Gardasil is designed to prevent the majority of HPV-related clinical diseases. HPV types 16 and 18 account for approximately 70 percent of cases of cervical cancer, AIS (non-invasive cervical cancer), CIN 3, VIN 2/3 and VaIN 2/3, account for 50 percent of CIN 2 lesions. HPV 6 and 11 cause approximately 90 percent of genital wart cases. These four types of HPV also cause approximately 35 to 50 percent of all low-grade cervical, vaginal and vulvar lesions (CIN 1, VIN 1 and VaIN 1).

These are an estimated 4.7 million abnormal Pep results that require follow-up each year in the United States. At least 3 million of these results are caused by some type of HPV. All four types cause abormal Pap test results; the lesions caused by types 6 and 11 are clinically indistinguishable from pre-cancerous lesions caused by types 16 and 18.

"This is a major health breakthrough – the first vaccine specifically designed to prevent cancer – and is approved to prevent not only cervical cancer but also genital warts," said Kevin Ault, MD, associate professor, Department of Gynecology and Obstetrics, Emory University School of Medicine, and clinical study investigator for Gardasil.
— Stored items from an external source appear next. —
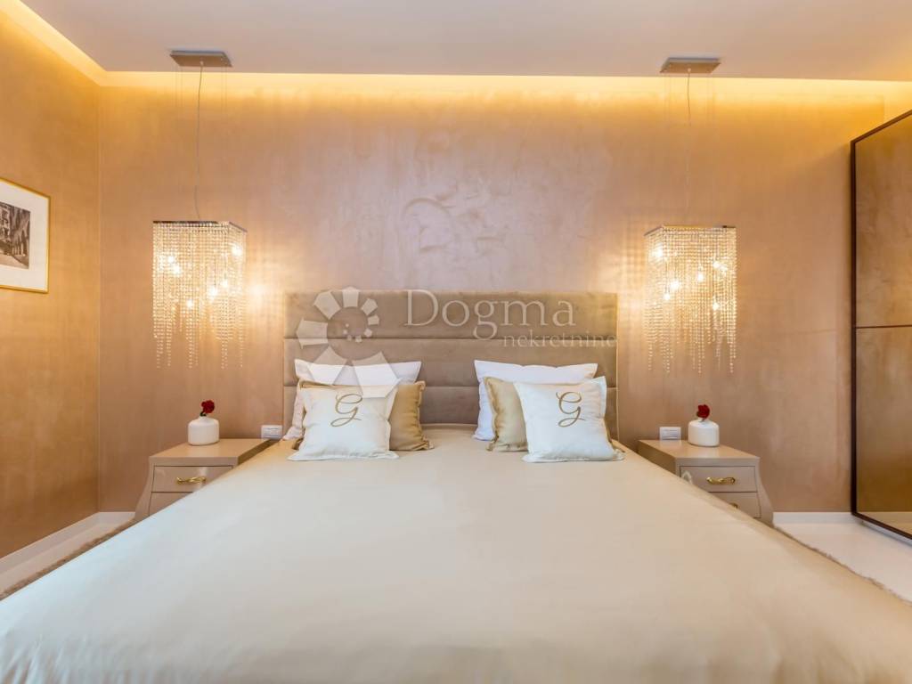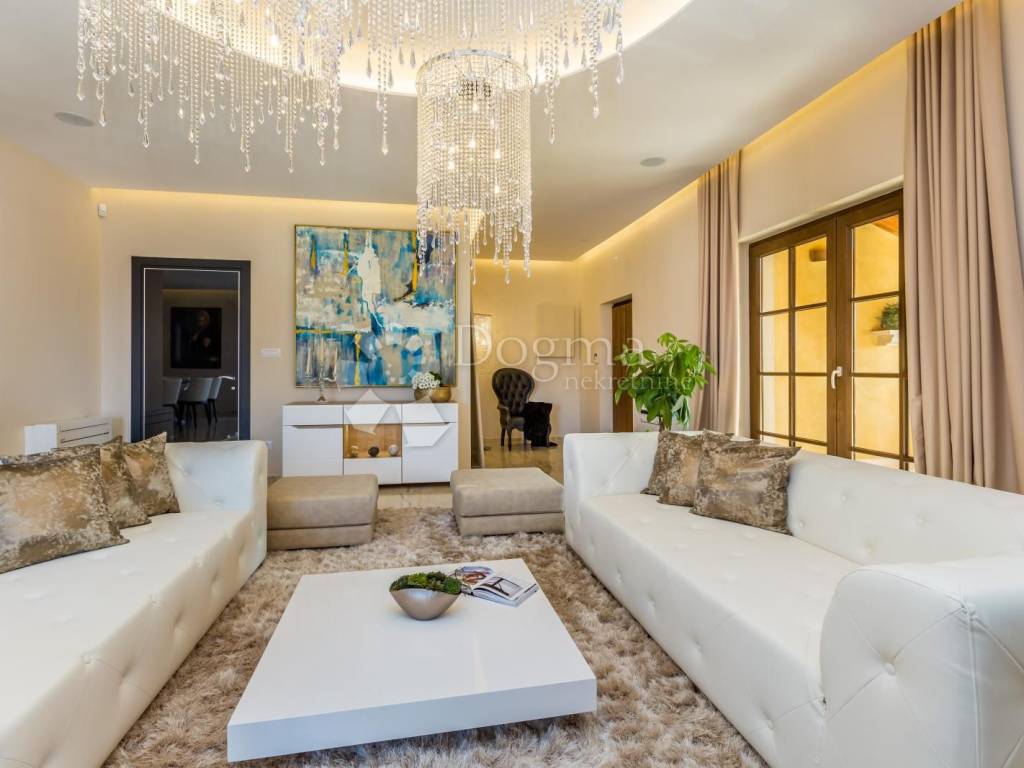 Predivna parcela pravilnog oblika s dvije kaskade, gornja na kojoj je smještena kuća i donja na kojoj se nalazi bazen sa hidromasažnom klupom, lounge zona za opuštanje i sunčanje i travnjak s nekoliko zrelih maslina i palmi što nekretnini daje poseban šarm i privlačnost.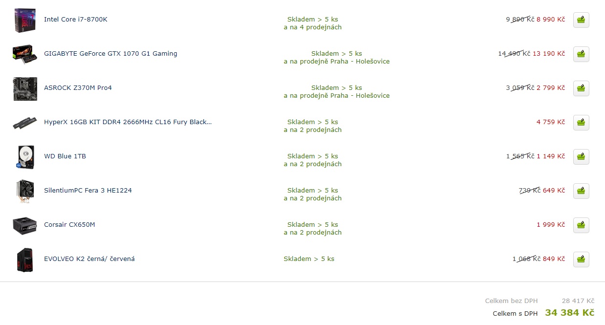 Nemůžeš koupit topič jako je i7 8700K a k tomu vzít tu nejlacinější desku co najdeš typu Asrock Pro4. Ta má zcela nedostatečné VRM pro takový CPU. Navíc ta kombinace není moc dobře vyvážená, když se kvůli tomu potom vleze jen GTX 1070 - za prvé, GTX 1070 se absolutně nevyplatí, když stačí přidat pár stovek a máš Ti úplně někde jinde a za druhé to je opět laciná edice od Gigabyte, která moc kvality úplně nepobrala. A ta case tomu už jen nasadila korunu, to je jakdybys to strčil do krabice od bot.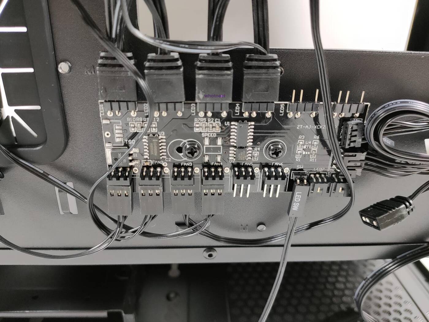 Z tyłu znajduje się też kontroler. Podłączacie go do złącza SATA od zasilacza oraz możecie do złącza ARGB na płycie głównej. Dzięki temu drugiemu będziecie mogli sterować podświetleniem za pomocą oprogramowania a nie przycisku na przodzie obudowy. Do kontrolera możecie podłączyć do 6 wentylatorów 3 pin i do 6 urządzeń ARGB. Jest to z pewnością przydatna rzecz.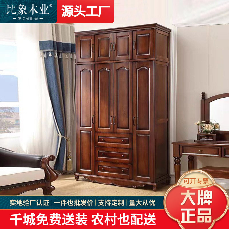 미국 스타일의 단단한 나무 옷장 국가 레트로 빛 고급 홈 마스터 침실 3 문 4 문 5 문 나무 캐비닛 대형 옷장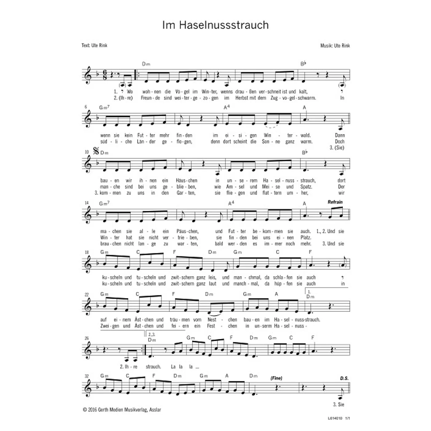 Im Haselnussstrauch (diese Variante haben Sie gerade ausgewählt) (modern, einstimmig, mit Akkorden, D-Moll) Ute Rink (Komposition, Text) |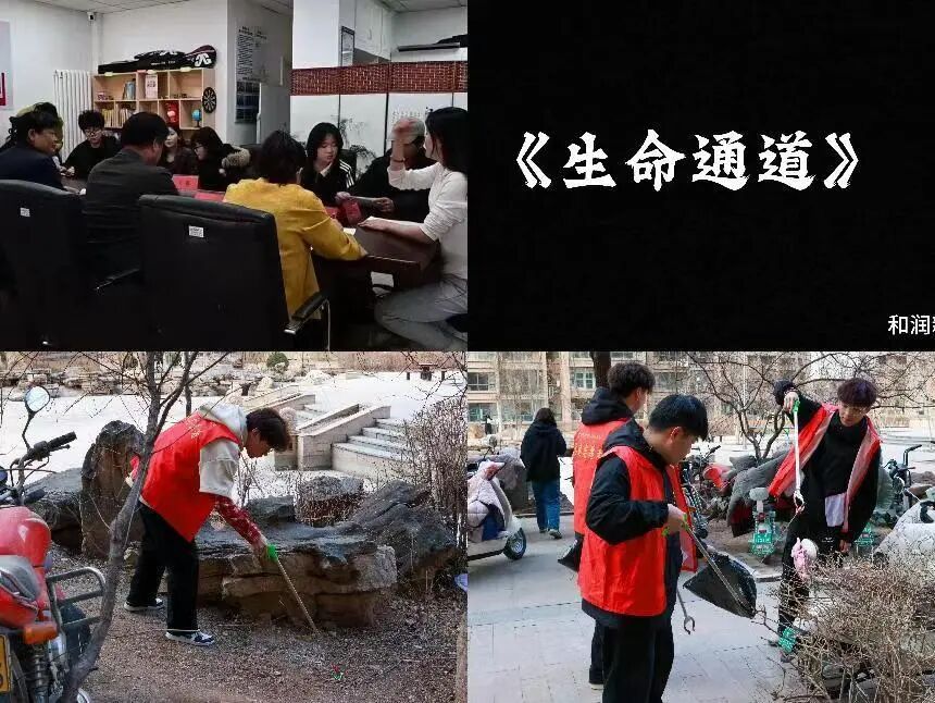 艺术不仅是美的表达,更是责任的践行。在“非遗传承进校园”公益支教行动中,师生志愿者们走进滦平县虎什哈镇中心小学,以“二十四节气”为主题开设剪纸课堂。孩子们在指导下剪出一幅幅生动的作品,非遗技艺的种子悄然播撒;“艺润社区”行动中,学生与润园社区共同完成消防安全主题话剧《消防通道》的创作、演出与拍摄,用专业与创意传递安全知识,以艺术赋能社会治理;同时,志愿者们深入社区开展生态美育行动,清理环境、美化社区,以实际行动诠释新时代青年的责任与担当。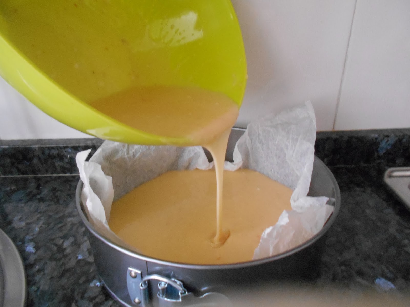 Engrasamos un molde con papel o mantequilla y vertemos la mezcla.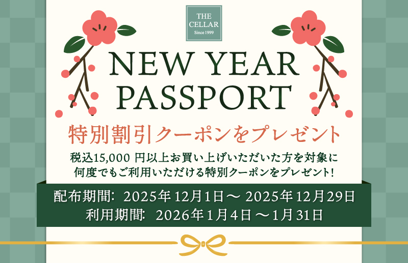 期間中に税込15,000円以上お買い上げのお客様を対象に、対象期間内なら何度でもご利用いただける特別クーポン「NEW YEAR PASSPORT」をプレゼントいたします。この機会にぜひご利用ください。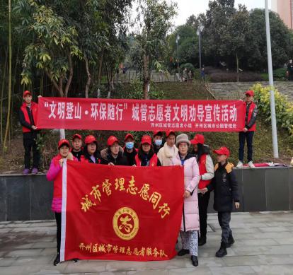 正月初九,是开州人民传统的登高节。为弘扬志愿服务精神,推进文明城市创建,让全区市民朋友度过一个快乐的节日,2月9日上午城市管理志愿者携手城市公园管理处在南岭公园开展“文明登山,环保随行”城管志愿文明劝导宣传活动。
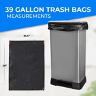 39 Gallon Trash Bags Heavy Duty Drawstring 100 Count Lawn and Leaf Bags 39 Large Heavy-Duty 39 Gallon Capacity: Our 39 gallon trash bags are robust and flexible, ideal for handling leaves, trimmings, sticks, and other lawn debris, as well as household garbage. These versatile lawn and leaf bags can handle it all, making them perfect for both indoor and outdoor use. Tough 20 Micron Thickness: Made from tough, leak proof material, these 39 gal trash bags are designed to carry heavy loads of garbage and outdoor waste. The 20-micron thickness guarantees that they won't rip or puncture easily, providing peace of mind during disposal. Large Size for Big Jobs: With dimensions of 33" x 39", these large black trash bags are perfectly sized to fit outdoor and large trash cans with a 39-gallon capacity. They offer ample space for all your waste, making them suitable for big clean-up jobs and extensive yard work. Convenient Red Drawstring Handles: Featuring strong, reliable drawstring handles, these lawn trash bags allow for easy lifting, tying, and carrying without tearing. The secure handles ensure a hassle-free disposal process, keeping your hands clean and the trash contained. Value Pack of 100 Bags: This pack includes 100 high-quality lawn and leaf bags, offering an excellent value for your money. Whether you're tackling a large project or stocking up for future use, you'll have plenty of bags on hand to get the job done efficiently. Product Description 1 Smart Choice 2 Reliable Build 3 Save Money 1 39 Gallons 100 Bags Pack 2 30 Gallons 150 Bags Pack Item model number TB39BLK100DRW-FBA Unit Count 1.0 Count Batteries Required? No Capacity 39 Gallons Number of Items 1 Color black Item Form Bag Material Polyethylene, Polypropylene Country of Origin Colombia Item Weight 8.97 pounds Batteries Included? No Material Feature Heavy Duty Recommended Uses For Product Yard Waste, Kitchen Waste Scent Unscented Package Dimensions 12.05 x 7.56 x 5.94 inches Size 1 Count (Pack of 1) Complimentary Shipping and Easy Returns Need to return something? Enjoy our 30-day hassle-free return policy! Take advantage of free shipping across all 48 contiguous states! Your order will be dispatched within 1-2 business days once payment is confirmed. Your Opinion Matters! Your happiness is our main goal! We welcome your feedback! If you encounter any problems, reach out to us right away, and we’ll be here to help. Explore the Extraordinary! Our collection showcases fascinating products that are sure to capture your attention. What surprises await you? Delve in and discover unique items that enrich your daily life. Don't miss the amazing things we have in store for you!
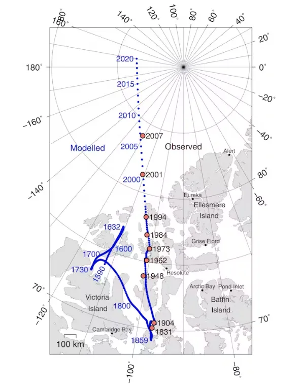 For most of the past 600 years, the pole has been wandering around over northern Canada. It was moving relatively slowly, around 6 to 9 miles per year, until around 1990, when its speed increased dramatically, up to 34 miles per year.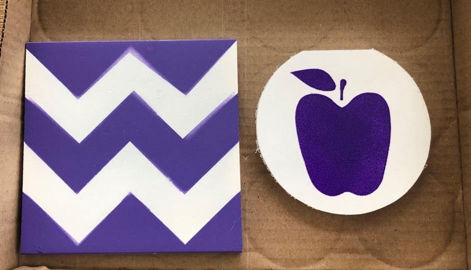 The other remote is motion activated. This gives the elephant the ability to provide its own enrichment. The motion detecting remote can be set up to 200 yards from the dispensing machine, giving the elephants the ability to get their own treats or water spray. There are two different patterned signs that signify either apples or water spray. The elephants can learn which sign/pattern to choose. We chose waves/”W” for water and a round design with an apple. We chose the color purple as a thank you to our logo designer, Kristin.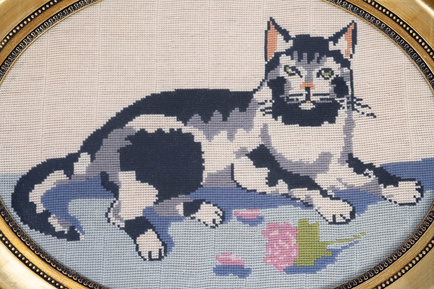 SoldEmbroidery with cat motif and with gilded frame from the 1930s.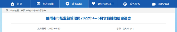 中国质量新闻网讯 6月20日,兰州市市场监督管理局网站发布2022年4—5月食品抽检信息通告,涉及45批次糕点抽检合格信息。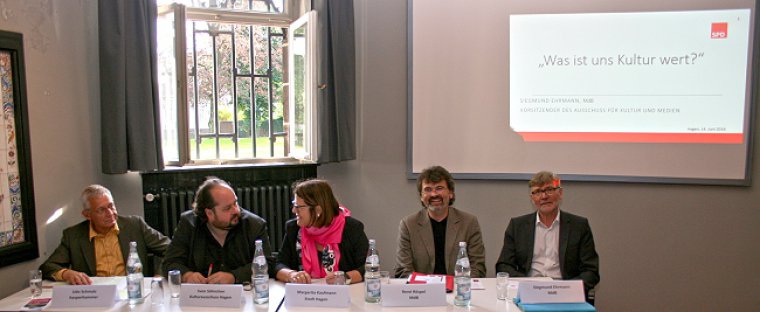 Margarita Kaufmann, Kultur-Beigeordnete der Stadt Hagen, forderte die Bundespolitiker zu mehr „struktureller Förderung“ der Kultur auf, „die Projektitis ist eine Krankheit, an der wir verzweifeln.“ Kulturausschuss-Vorsitzender Sven Söhnchen sah Hagen keineswegs als „kulturpolitischen Einzelfall“, sondern wie fast alle Ruhrgebietskommunen aufgrund ihres Strukturwandels als Städte mit besonderem Förderungsbedarf. Darauf müsse Berlin Antworten geben. Udo Schmalz vom Hasper Hammer ging die ganze Diskussion zu sehr ums Geld: „Der Wert der Kultur ist etwas anderes.“
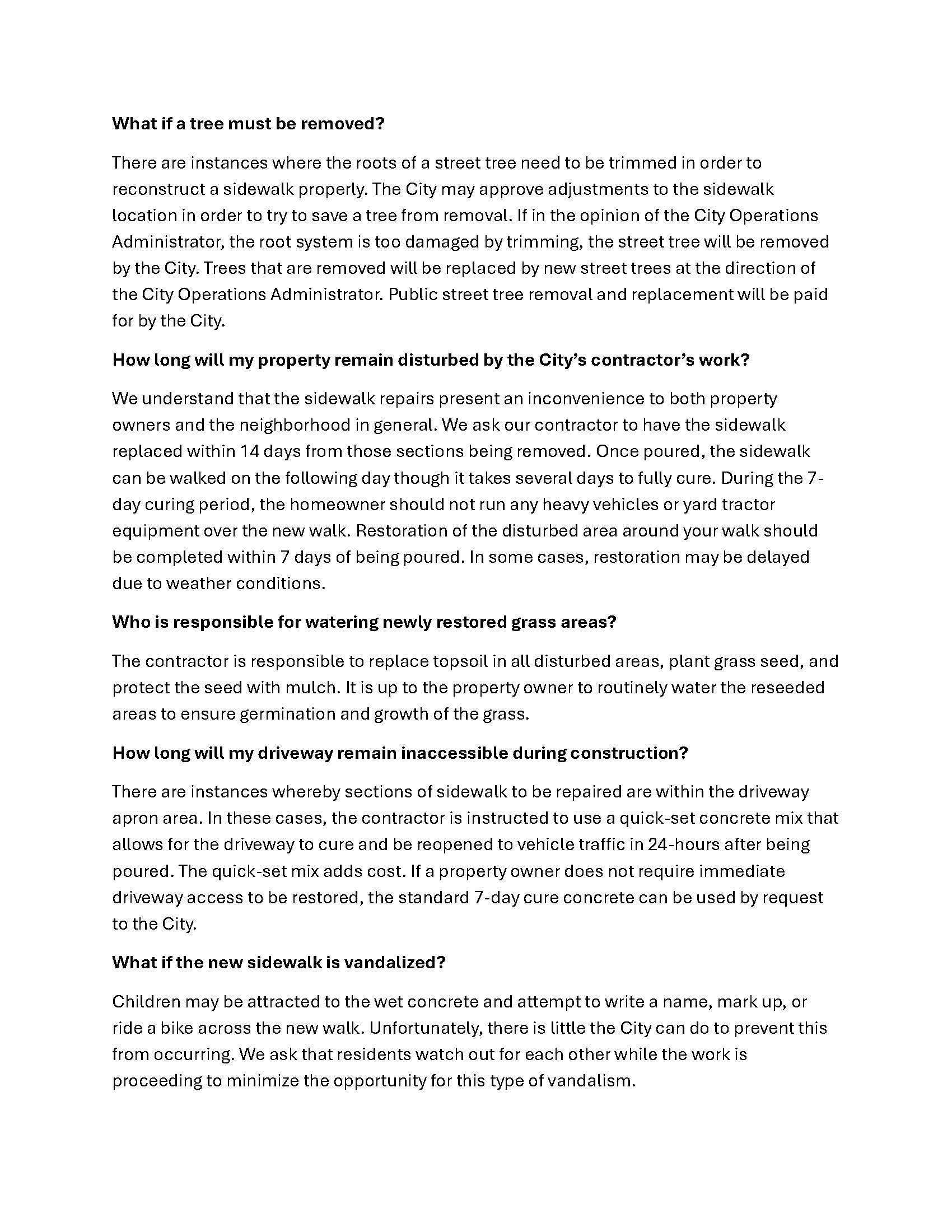 Authorized immediate hiring of a sidewalk grading company to begin evaluations.

"Use of Gardasil can help significantly reduce the human and economic burden of cervical cancer, precancerous or low-grade lesions and genital warts caused by HPV 6, 11, 16 and 18 in the United States, and the rest of the world, in this generation and future generations."

In clinical studies, the vaccine prevented 100 percent of HPV 16- and 18- related cervical cancer in women not previously exposed to the related HPV types

Its efficacy, which includes results from an HPV-16 prototype, was evaluated in four placebo-controlled, double-blind, randomized Phase II and Phase III clinical studies. Together, the Phase II and III studies evaluated 20,541 women aged 16 to 26 years. Study participants were followed for up to five years after enrollment.

The studies’ primary analyses were conducted in women who received all three vaccinations within one year of enrollment, did not have major deviations from the study protocol and were naive to the relevant HPV type(s) prior to dose one and through one month analyses and measured starting after the Month 7 visit.

The studies also showed that administration of Gardasil to women who are already infected with one or more vaccine related HPV types prior to vaccination protects from clinical disease caused by the remaining vaccine types but may not alter the course of an infection that is already present.